I handle the scaling problems you mentioned by not interpreting regression coefficients “as they stand” but by forming clinically relevant contrasts. I don’t modify the meaning of model parameters in order to achieve this, since it can be handled on the back-end.

1 Like

That may be OK if you are the analyst and always remember to recenter and rescale each output. But that is more laborious than just doing both upfront, so it is no wonder I see plenty of articles where recentering and rescaling didn’t happen and the tabulated estimates are referring to impossible treatment levels or are unintelligibly small and thus hard to rescale to a reasonable range. That’s why I advise teaching of recentering and rescaling in data preprocessing as part of good practices for analysis-database construction, along with careful documentation of all transforms.
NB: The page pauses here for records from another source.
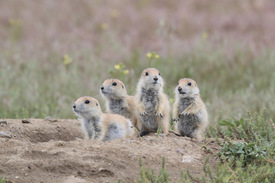 Feketefarkú prérikutya kölykök az üregük körül, a First Peoples Buffalo Jump Állami Parkban, Montanában, USA-ban. Fotó: ShutterStock/ Frank Fichtmueller
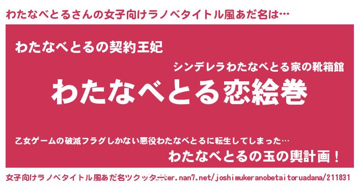 | 男性向けラノベタイトル風あだ名 | 『おまえをオタクにしてやるから、俺をわたなべとるにしてくれ! 』 |
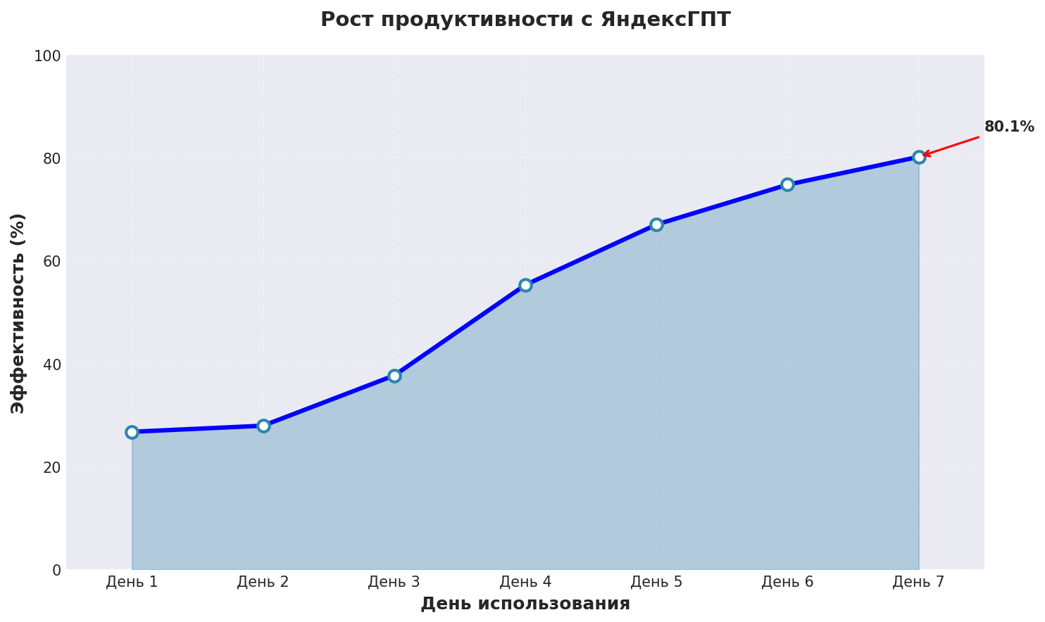 График показывает реальный рост эффективности онлайн написание нейросетью при использовании ЯндексГПТ с применением описанных техник
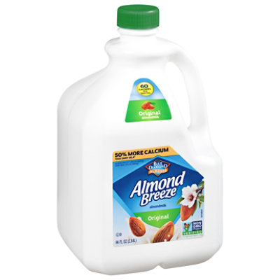 60 calories per serving. Free of cholesterol (almond milk, a cholesterol free food), MSG, lactose, dairy, carrageenan, gluten, soy, casein and egg. 50% more calcium than dairy milk (1 cup of regular milk contains 300 mg calcium vs. 1 cup of Almond Breeze contains 450 mg calcium). Almond Breeze: 35% DV (450 mg); dairy milk; 25% DV (300 mg) (1 cup of regular milk contains 300 mg calcium vs. 1 cup of Almond Breeze contains 450 mg calcium). Excellent source of vitamin D and E. Non-GMO Project verified. nongmoproject.org. almondbreeze.com. Scan me for an exciting experience! SmartLabel: Scan barcode with SmartLabel app for more information. To learn more, please visit us at www.bluediamond.com/faqs. Questions or comments? Write Blue Diamond customer support, PO Box 1768, Sacramento, CA 95812, or call 1 (800) 987-2329. Please include code number found on the top of the carton with all inquiries. almondbreeze.com.

It’s also good analytical hygiene as it makes it much easier to spot problems mid-analysis instead of at the back end, such as evidence of coding errors that produced estimates of suspicious size in context; plus it avoids display underflows that can plague outputs involving higher-order terms.

We have different styles on that. I’ve written a lot of easy-to-use backend R tools to handle all of that, without need for reparameterizing/scaling/centering.